Friday, October 17, 2008

A Walk in The Park

Not every walk in the park is "A Walk in The Park."
The phrase , "walk in the park " generally connotes : an easy or pleasurable experience, or a stroll.
But the Wednesday walk that we choose in Yosemite Park just was not easy nor totally pleasurable.

I have shared with you our exhilaration after completing some challenging hikes. Now it's time to let you know that some of them do me in!!

When we started the hike to Upper Yosemite Falls we knew we might not make it to the top. Although ONLY 3.4 MILES TO THE TOP, it is a rugged difficult path that rises 2,700 feet in elevation and is marked "strenuous".
But I thought...we've hiked some hairy trails and made it. We (probably) can do this.

We reached the first viewpoint, stopped and chatted with other hikers, took in the scene, and praised ourselves for the strong ascent. But as we started back on the path, I saw that the walkway surfaces were changing. Some were like old cobblestone streets -- that seemed as if they were severely buckled by frost and then, oddly, polished shiny -- and therefore slippery, with a jeweler's cloth. Other parts were just rock jumbles, and some sandy.

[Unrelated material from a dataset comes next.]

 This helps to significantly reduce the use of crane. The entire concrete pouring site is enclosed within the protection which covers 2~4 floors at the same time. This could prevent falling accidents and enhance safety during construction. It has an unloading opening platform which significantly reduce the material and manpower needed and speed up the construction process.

I tried to stop quantifying -- to take the pressure off myself to complete a certain number of miles --but initially translated that I should hike for another hour or so.

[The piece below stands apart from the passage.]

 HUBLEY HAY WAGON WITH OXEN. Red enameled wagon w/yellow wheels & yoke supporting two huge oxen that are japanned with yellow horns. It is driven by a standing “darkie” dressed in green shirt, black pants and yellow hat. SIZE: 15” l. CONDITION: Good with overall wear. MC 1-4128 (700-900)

The sights were gorgeous and the trail relatively quiet -- a route few other hikers were attempting that day. Moments of sweet solitude and awed by the grandeur of granite peaks.

But it is hard to "Be Here Now" when you will also have to be -- there then. What I mean is sometimes difficult to decide when to turn around. I think my decision came when I saw a pile of fresh bear scat on the trail.

How to determine how much energy I have left for the return trip. In this case, the downhill was tougher than uphill. Grueling, even with hiking poles. And to add insult to injury, it was the only long hike that I was really bugged by gnats.

These are some of Alan's photos of the trip. He said we did about 2/3 of the trail. The funny part was -- when we got down, we had planned to reward ourselves by eating at our favorite sandwich place in the park. But since the hike was so hard and slow, we got out later than we had anticipated. We only had twenty minutes before they closed and it was over a mile -- so we hoofed it to Degnan's.
It was funny; we made it and enjoyed our meal; and the striding on a flat path helped loosen us up.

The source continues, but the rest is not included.